First Nations in Land Struggle Regroup in Winnipeg

August 24, 2009

Corvin Russell and Clayton Thomas-Muller

The contest between Indigneous Peoples and the Canadian state for control of Indigenous land and resources is a central dynamic of Canadian history and political economy. Woven into the fabric of the Canadian state, right from its inception, is a single fundamental policy towards Aboriginal peoples: namely, the disposession of their lands and resources and the extinguishment of aboriginal title everywhere and by any means possible. Consequent on this is the failure of governments to honour treaties, court rulings, and agreements which do not extinguish title; and its tinkering with the imposed system of Indian Act governance to ensure the election of compliant leaders who will ultimately sign away their lands. On the ground, compliance is achieved through various kinds of discipline, including legal harrassment, withholding of service funds and social assistance, meddling in band governance, and police brutality. Despite all this, across the length and breadth of Canada, Indigenous communities remain resilient, with many keeping the fires of their language and ceremonies burning, fighting to determine their own destiny, and protecting their right to live on, and through, the lands their ancestors bequeathed to them.

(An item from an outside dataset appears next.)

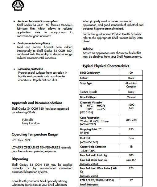 殼牌Gadus S4 OGH 160含有石墨和二硫化鉬。特殊的添加劑技術大大
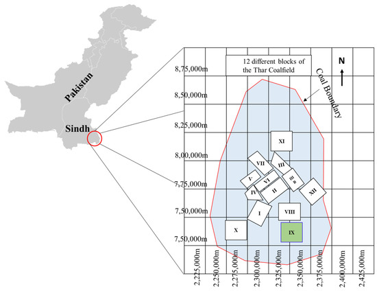 In this study, sedimentary rock samples, i.e., claystone, sandstone, and siltstone, were collected from Block IX of the Thar coalfield, Pakistan. Figure 1 represents the geological site of the collected rock samples [38]. Initially, a total of 78 core rock samples of each type were prepared and subdivided into standardized samples according to ISRM and ASTM standards to maintain the same rock core dimensions as well as geological and geotechnical features [39,40]. Next, these rock samples were tested in the laboratory at the Department of Mining Engineering, Mehran University of Engineering and Technology, to determine the physical and mechanical parameters, including ρd in g/cm3, BTS in MPa, ρwet in g/cm3, and UCS in MPa, using a universal testing machine (UTM), as shown in Figure 2a,b. Figure 2a,b represent the deformed rock core specimen for UCS and BTS tests, respectively. Table 2 presents the five heads and five tails of the dataset of physical and mechanical parameters. Table 3 shows the minimum, maximum, average, and standard deviation of parameters of rock samples determined in the laboratory.

Activists and leaders from many of these communities gathered in Winnipeg from November 12-14 this past fall. From the Algonquins of Barriere Lake, Sheshatshiu Innu, Tobique, Kitchenuhmaykoosib Inninuwug, Ardoch Algonquin, Six Nations, Moose Cree, Grassy Narrows, Red Lake, Anishinaabek of Gichi Gami, Ginnoogaming, Pimicikamak, Pukatawagan, Roseau River, Sagkeeng, Lubicon Lake, Athabasca Chipewyan, Ft. McMurray, Blackfoot, Gitxsan, Secwepemc, and Tsimshian First Nations, activists and leaders of land, sovereignty, and environmental justice struggles converged on the historic Indian and Metis Friendship Centre in Winnipeg's North End to share their experiences and strategies in struggle. Not since the political revival of the 1970s, following the White Paper battles, and the seminal struggles of the Dene peoples in the Northwest Territories, has such a convergence of important Indigenist leadership taken place. The need for it has come as Aboriginal political organizations like the Assembly of First Nations have been coopted and funded into submission and silence on the question of land struggles and self-determination, leaving grassroots Indigenous activists without a political instrument on the pan-Canadian stage.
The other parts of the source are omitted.